Question

Three charges - q, Q and - q are placed at equal distances on a straight line. If the total potential energy of the system of three charges is zero, then the ratio Q: q is
(A) 1:2
(B) 2:1
(C) 1:1
(D) 1:4

Answer 1

In this question, we need to determine the ratio of the two charges Q and q such that - q, Q and - q are placed at equal distances on a straight line. For this, we will use a potential energy formula for the electrostatic system and put it equal to zero, and solve for Q:q.

Complete step by step answer:
The potential energy between the charged particles is given as,
$U = K\dfrac{{{Q_1}{Q_2}}}{d}$ where, $K = \dfrac{1}{{4\pi {\varepsilon _0}}}$.
The following figure depicts the pictorial representation of the placement of the charged particles.

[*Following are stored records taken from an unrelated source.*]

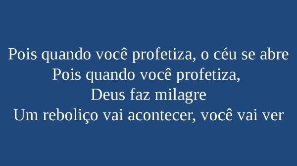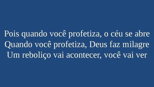 - Pois quando você profetiza, o céu se abreQuando você profetiza, Deus faz milagreUm reboliço vai acontecer, você vai ver
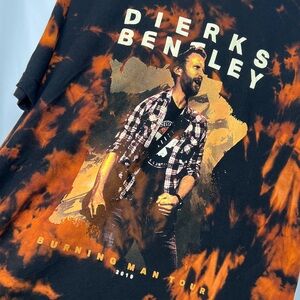 Lightly worn bleach dyed Dierks Bentley 2019 Burning Man Tour concert t-shirt with front and back graphic. Wash with care as bleach dyed clothing may run.
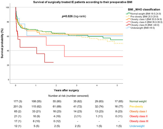 Infective endocarditis (IE) is a life-threatening disease, usually presenting with a severe course and a wide range of complications [1]. Untreated, IE patients usually have a poor prognosis. Even with early and optimal therapy, the in-hospital survival rate is just over 80% [2,3]. Therefore, the identification of factors influencing the clinical course is of immense importance for clinical practice. Along with other clinical parameters, the body mass index (BMI) contributes to the overall risk stratification of a patient [4]. BMI is a simple and widely accepted anthropometric measurement of a patient’s body proportions, nutritional status, and overall physique [5]. Obesity is often associated with a variety of cardiovascular and endocrine comorbidities [6]. On the other hand, underweight patients might exhibit underlying malnutrition, immunosuppression, or sepsis and are susceptible to reduced wound healing and delayed recovery after surgery. Thus, it could be assumed that patients exhibiting extreme BMIs are at increased risk of a worse postoperative course after surgery for IE.
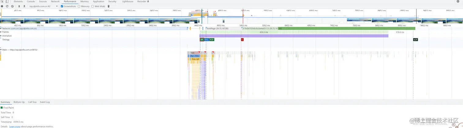 我们通过性能指标采集的数据 可以看到图中performance有三个 FP (首次绘制),DCL(DOM内容加载事件) ,FCP (首次内容绘制),LCP(最大内容绘制),动画加载,子框架加载,网络请求等耗时
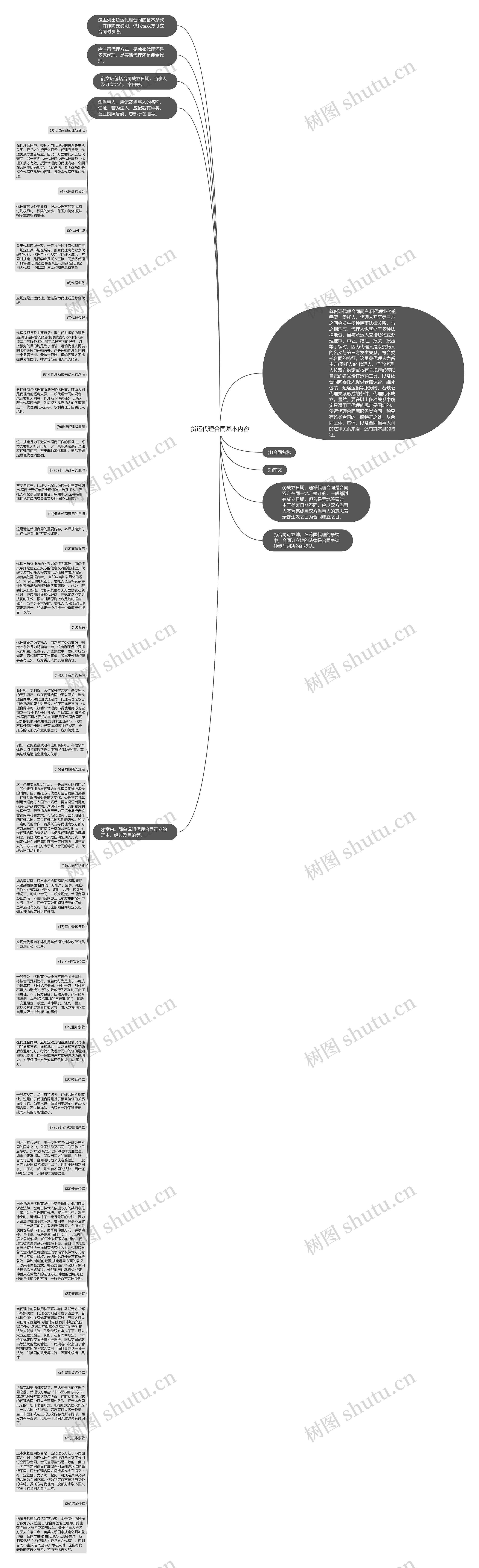 代理权限条款主要包括:提供代办运输的服务;提供仓储保管的服务;提供代办行政和财政手续费用的服务;提供加工承揽方面的服务,以上服务的目的均是为了运输。运输代理人提供的服务必须与运输有关,这是运输代理合同的一个显著特点。受这一限制,运输代理人不提提供诸如医疗、律师等与运输无关的服务。

Net U= potential energy due to -q and Q + potential energy due to Q and - q + potential energy due to -q and -q
${U_{net}} = K\left( {\dfrac{{ - qQ}}{r}} \right) + K\left( {\dfrac{{ - qQ}}{r}} \right) + K\left( {\dfrac{{ - {q^2}}}{{2r}}} \right)$
According to the question, the net potential energy of the combination is zero. So,
${U_{net}} = 0 \\\ \Rightarrow K\left( {\dfrac{{ - qQ}}{r}} \right) + K\left( {\dfrac{{ - qQ}}{r}} \right) + K\left( {\dfrac{{ - {q^2}}}{{2r}}} \right) = 0 \\\ \Rightarrow\dfrac{{Kq}}{r}\left( { - Q - Q + \dfrac{q}{2}} \right) = 0 \\\ \Rightarrow - 2Q + \dfrac{q}{2} = 0 \\\ \Rightarrow - 2Q = - \dfrac{q}{2} \\\ \therefore\dfrac{Q}{q} = \dfrac{1}{4} \\\$
Hence, the ratio of the charge Q and q is 1:4.
Hence,option D is correct.

Note: Don’t forget to write the sign of the charge with its magnitude. The electric potential energy of a system of point charges is defined as the work required assembling the system of charges by bringing them close together, as in the system from an infinite distance.